It seems to be a variety of pre-gnostic denial of the physicality of Christ, which the Pope has never asserted.


----------



## JM

Ok. I wasn't sure if it was connected to the idea that Mary was sinless and therefore the "flesh" of Christ would have somehow been different since all flesh, post fall, has been given birth by sinners. 

Thanks.


----------



## Peairtach

*Quote from Pergamum*
_In I John it seems to identify Antichrist with denying that Jesus has come in the flesh. To my knowledge, has the Pope ever done this? _

John is firstly addressing the Christians of his day, not us. The antichrist of their day was Christian Gnosticism. Gnosticism was a specific example of an antichrist, the antichrist which was prominent in John's day. It maintained the name "Christian" while denying the truth and power of Christianity. It set up a false, pseudo-Christ in place of the real Christ. Antichrists are particularly dangerous because of the confusion involved, and that the Devil is posing as Christ, Christian, Christianity.
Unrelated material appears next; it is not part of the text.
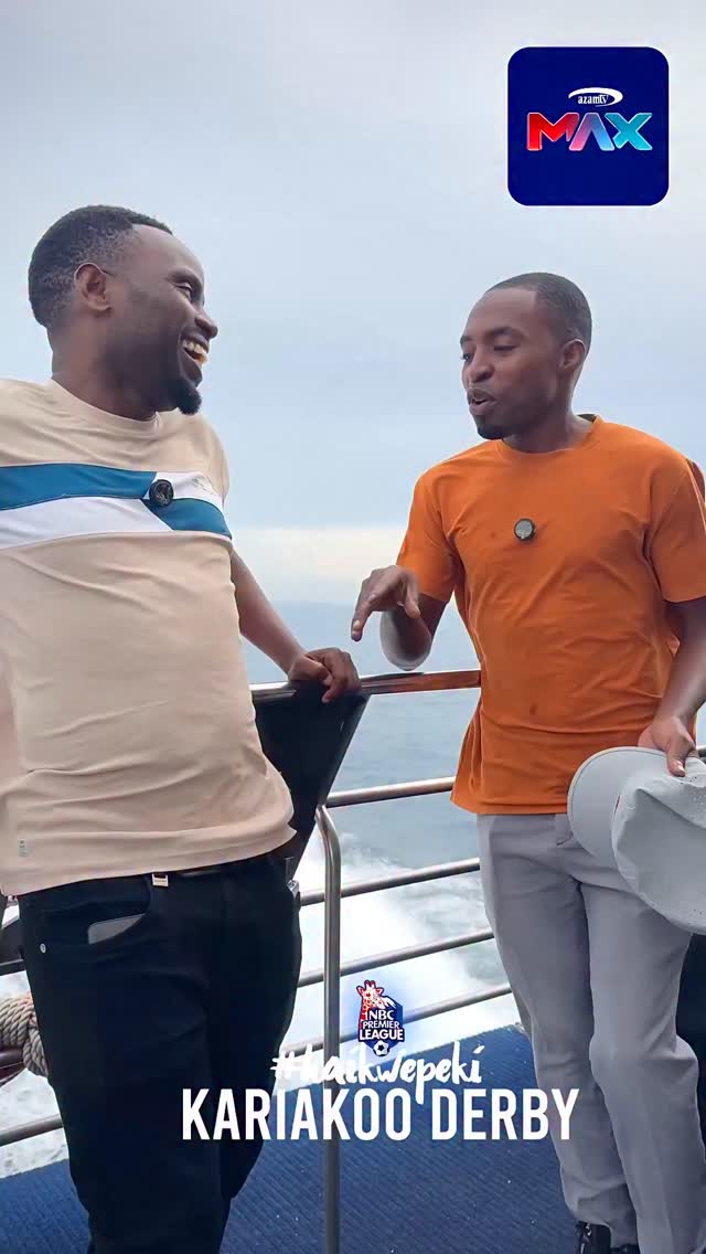 #KariakooDerby: Mtangazaji wa soka @ngodaalwatan amzuia Sauti ya Radi @baraka_mpenja ambaye alitaka kujitosa katikati ya Bahari ya Hindi akitaka kuonesha umwamba wake wa kuogelea.

The Papacy does this, as does Liberal Theology. Fairbairn excellently shows that the specific example of an antichrist, gnosticism, isn't the definition of what an antichrist is. An antichrist is any idol that looks superficially or subtly Christian/Christ-like, that's put in Christ's place.

"Christian" Gnosticism was just an early example of an antichrist.

See Patrick Fairbairn's section on Antichrist/antichrists in his "Interpretation of Prophecy" which is online. He explains the passages on this subject more eloquently than I could.


----------



## JennyG

It sometimes seems to me as if in our day, the antichrist of Rome (which there's no doubt Rome is) is close to being outclassed by the antichrist which I don't have a name for, but it's the liberal/libertarian/ecological/only-intolerance-is-sin/political correctness antichrist. if you know what I mean... 
It's becoming more of a one-world-religion even than Rome ever was. Can a more or less impersonal cultural movement be an antichrist?


----------



## Pergamum

Richard Tallach said:


> *Quote from Pergamum*
> _In I John it seems to identify Antichrist with denying that Jesus has come in the flesh. To my knowledge, has the Pope ever done this? _
> 
> John is firstly addressing the Christians of his day, not us. The antichrist of their day was Christian Gnosticism. Gnosticism was a specific example of an antichrist, the antichrist which was prominent in John's day. It maintained the name "Christian" while denying the truth and power of Christianity. It set up a false, pseudo-Christ in place of the real Christ. Antichrists are particularly dangerous because of the confusion involved, and that the Devil is posing as Christ, Christian, Christianity.
> 
> The Papacy does this, as does Liberal Theology. Fairbairn excellently shows that the specific example of an antichrist, gnosticism, isn't the definition of what an antichrist is. An antichrist is any idol that looks superficially or subtly Christian/Christ-like, that's put in Christ's place.
> 
> "Christian" Gnosticism was just an early example of an antichrist.
> 
> See Patrick Fairbairn's section on Antichrist/antichrists in his "Interpretation of Prophecy" which is online. He explains the passages on this subject more eloquently than I could.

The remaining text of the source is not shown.